As explained in normal assembly (see section Normal Shotgun Assembly) the user can select to "Apply masking", and if so, the "Select tags" button will be activated and if it is clicked will bring up a dialogue to allow tag types to be selected. See section Tag Selector.

The "display mode" dialogue allows the type of output produced to be set. "Hide all alignments" means that only the briefest amount of output will be produced. "Show passed alignments" means that only alignments that fall inside the entry criteria will be displayed. "Show all alignments" means that all alignments, including those that fail the entry criteria, are displayed. "Show only failed alignments" displays alignments only for the readings that fail the entry criteria.

When comparing each reading the program looks first for a "Minimum initial match", and for each such matching region found it will produce an alignment. If the "Maximum pads per read" and the "Maximum percent mismatch" are not exceeded the reading will be entered. The maximum pads can be inserted in both the reading and the consensus. If users agree we would prefer to swap the maximum pads criteria for a minimum overlap. i.e. only overlaps of some minimum length would be accepted.

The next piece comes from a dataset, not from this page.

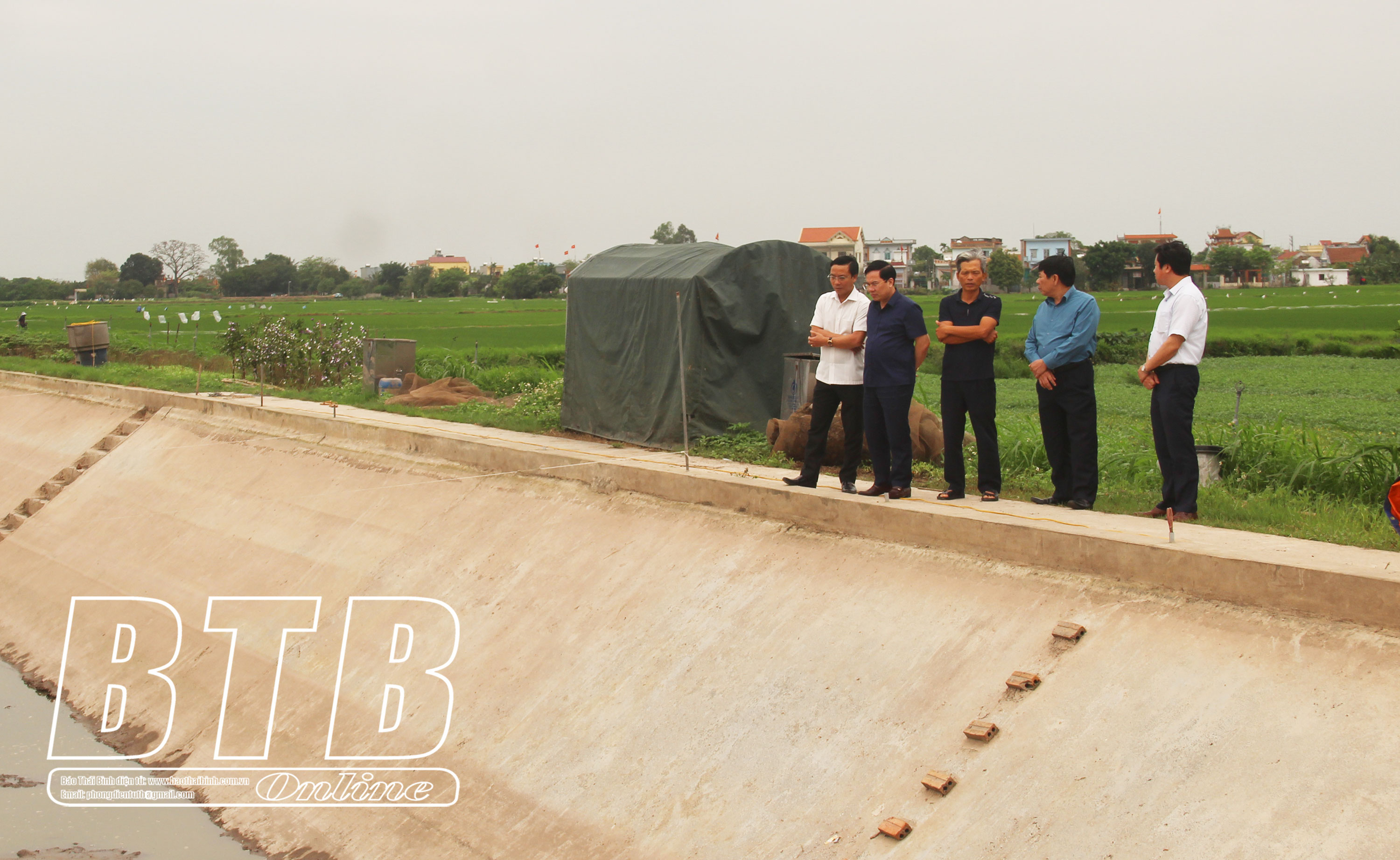 Lãnh đạo Sở Nông nghiệp và Phát triển nông thôn thăm mô hình nuôi thủy sản trong ao bán nổi tại xã Nam Bình (Kiến Xương).

Screening usually works on sets of reading names and they can be read from either a "file" or a "list" and an appropriate browser is available to enable users to choose the name of the file or list. If just a single reading is to be assembled choose "single" and enter the filename instead of the file or list of filenames.

The routine writes the names of all the readings and their alignment scores expressed as percentage mismatches to a "file" or a "list" and an appropriate browser is available to enable users to choose the name of the file or list.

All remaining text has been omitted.